1) Which of the following is the correct method to use to calculate the firm value using the WACC method?

Question options:

Calculate the expected cash flows for the firm based on the firm's expected capital structure, and then discount them at the firm's weighted average cost of capital, WACC.

Discount the expected cash flows based on all-equity financing at the firm's weighted average cost of capital, WACC.

Discount the expected cash flows based on all-equity financing at the overall cost of capital for the firm.

Calculate the expected cash flows for the firm based on the firm's expected capital structure, and then discount them at the overall cost of capital for the firm

2) A firm is currently financed with $300 of debt and $700 of equity. The expected return on the debt is 9%. The market beta of the firm's equity is 1.50; the risk-free rate is 4%, and the equity premium is 6%. The firm pays taxes at a marginal rate of 35%.

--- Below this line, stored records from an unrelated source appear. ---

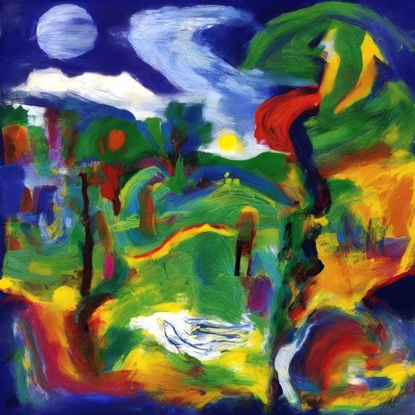 制作者と AI (AI アート作成用のプログラム Stable Diffusion XL 1.0 (1024)) とからなるアートユニット カナブストラクド によるアート画像です.そのプログラムに「Kanabstracd surrealism Gauguin」ということば (prompt) をあたえて創造させました. 負のプロンプトとして「surrealism Gauguin bows」を指定しています.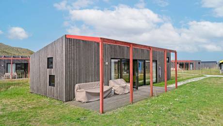Betreed deze ruime, vrijstaande lodge en ervaar direct het ultieme vakantiegevoel. De lichte en sfeervolle inrichting ademt een ontspannen kustbeleving, met een perfect gebalanceerde mix van levendige accenten en rustgevende tinten. De grote glazen deuren laten het daglicht volop binnen en openen naar een uitnodigende veranda, waar je in alle rust geniet van een drankje in de zon. Een optimale vakantiebeleving aan de Noordzeekust!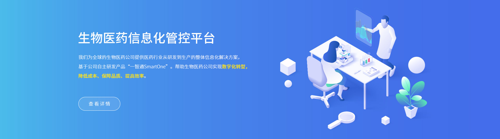 我們?yōu)槿虻纳镝t(yī)藥公司提供醫(yī)藥行業(yè)從研發(fā)到生產的整體信息化解決方案,基于公司自主研發(fā)產品“一智通SmartOne”。幫助生物醫(yī)藥公司實現(xiàn)數(shù)字化轉型,降低成本、保障品質、提高效率。

Refer to the information above. The firm is considering increasing its debt to $400 and using the funds to repurchase some of its stock. This is likely to increase the expected return on debt to 10%. All else equal, what will the new market beta of the firm's equity be? Round your answer to the nearest tenth.

Question options:

1.0

1.6

2.3

The market beta of the equity will be unchanged.

3)

A firm has expected before-tax earnings of $100 million a year forever, starting next year. It is financed with 30% debt at an expected interest rate of 6% a year and 70% equity with an expected cost of 11% a year. If the firm is in the 35% tax bracket, what is its NPV?

Question options:

$684.21 million

$732.81 million

$1,052.63 million

$1,123.60 million

4)

The overall cost of capital for Canton Corporation is 10%. The firm is financed with 30% debt that offers a promised return of 15% and has an expected return of 8%. Canton is in the 40% marginal tax bracket.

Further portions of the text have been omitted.